Net Return: 9.1% - I'm happy with this considering I've dramatically improved my loan selection and all of the defaults are from 2011 vintage loans

Net Return After Federal Tax: 4.9% - This sucks... my all in tax rate for p2p is 46.5%!!!

I'm getting killed by the difference between the LT Capital Loss taxation and my marginal income taxation.  This is a major issue with investing in the higher-yield loans in a taxable account.  I'm going to have to start selling my distressed loans within a year of purchase to ensure I don't get bitten next year.

I'm sure this has been discussed before, but I would like everyone's thoughts...
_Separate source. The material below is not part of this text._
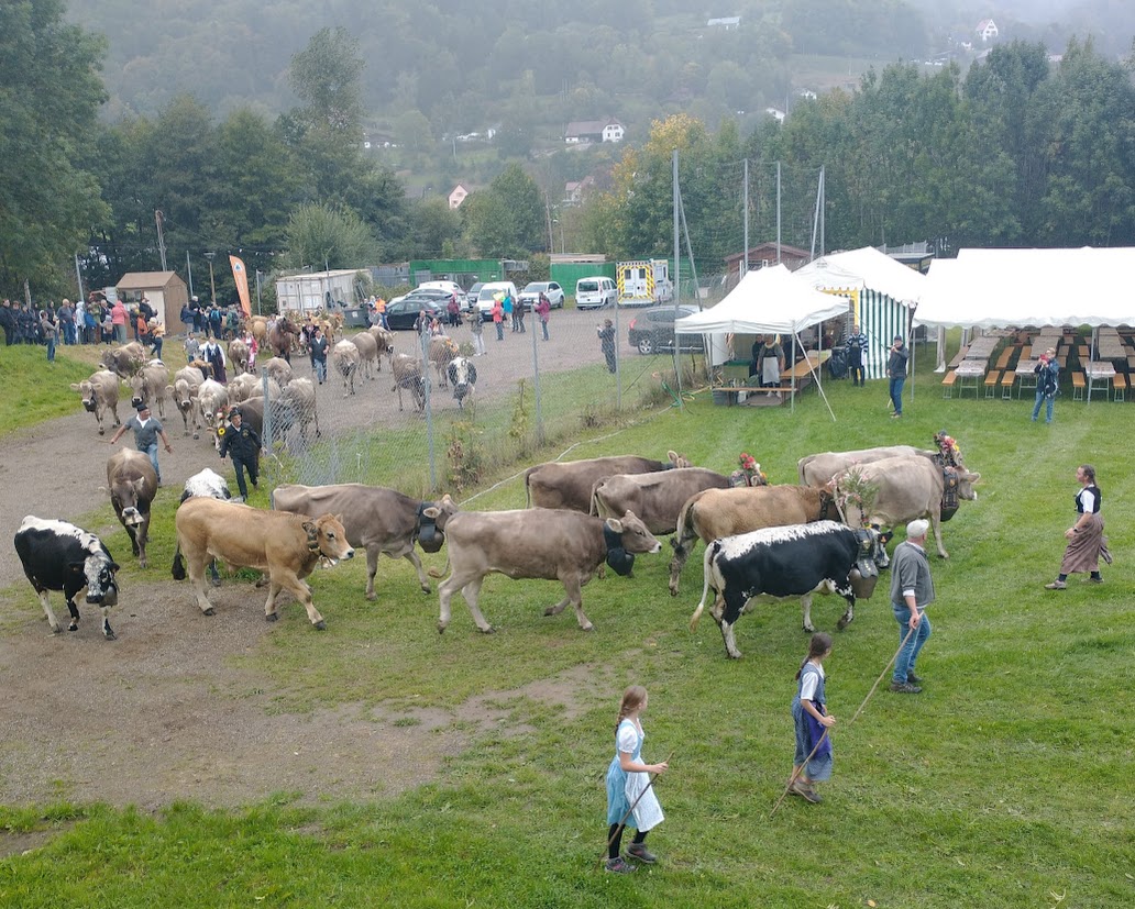 We know that over in the UK you are battling with Storm Amy, so I’ll keep quiet about the fact that though it is raining here, it’s the only expected poor-weather-episode in our holiday. So we’ve decided to have an afternoon off, allowing me to send lots of postcards from the Fête de la Transhumance in nearby Muhlbach which we visited this morning, ahead of the deluge we’re currently experiencing.

I have a significant amount in both Prosper and LC and, after reviewing my 2012 tax forms, I see that I have $10k+ of long-term capital losses.  This is fine as my income far exceeds that number but the difference in taxation is concerning.  My marginal tax rate is 33% so I'm looking at a 15% (factoring in the 2.9% medicare tax on wages) tax difference between my P2P interest and my P2P LT capital losses.

An extra $1500 of tax isn't the end of the world but it's enough to make me really think about whether I should organize my P2P as a schedule c business.

Investors - P / Tax Forms Jacked-Up
« on: February 01, 2013, 09:21:49 AM »
I just downloaded my and my wife's Prosper 1099s from Prosper and they are wrong... both have bogus entries in the charge-off sections that hugely inflate our losses.  Each 1099 had an extra entry that showed a single-loan loss that exceeds $4,000. 

Prosper is out of control.  Between this and the payment-posting delay last month, I'm getting a bad feeling about this operation.  Two very visible system/accounting issues is only the 'smoke' we can see... my fear is the extent of the fire we cannot see.

Investors - LC / Taxes - say goodbye to the small note exemption
« on: January 19, 2013, 12:26:43 PM »
Just spoke with my LC rep and she informed me that LC's tax documents will be similar to Prosper's... one consolidated 1099 for all loans combined.  I'm thankful I'm not going to have to mess with multiple 1099s this year and I'm wondering how many lenders have been underfiling prior to this year.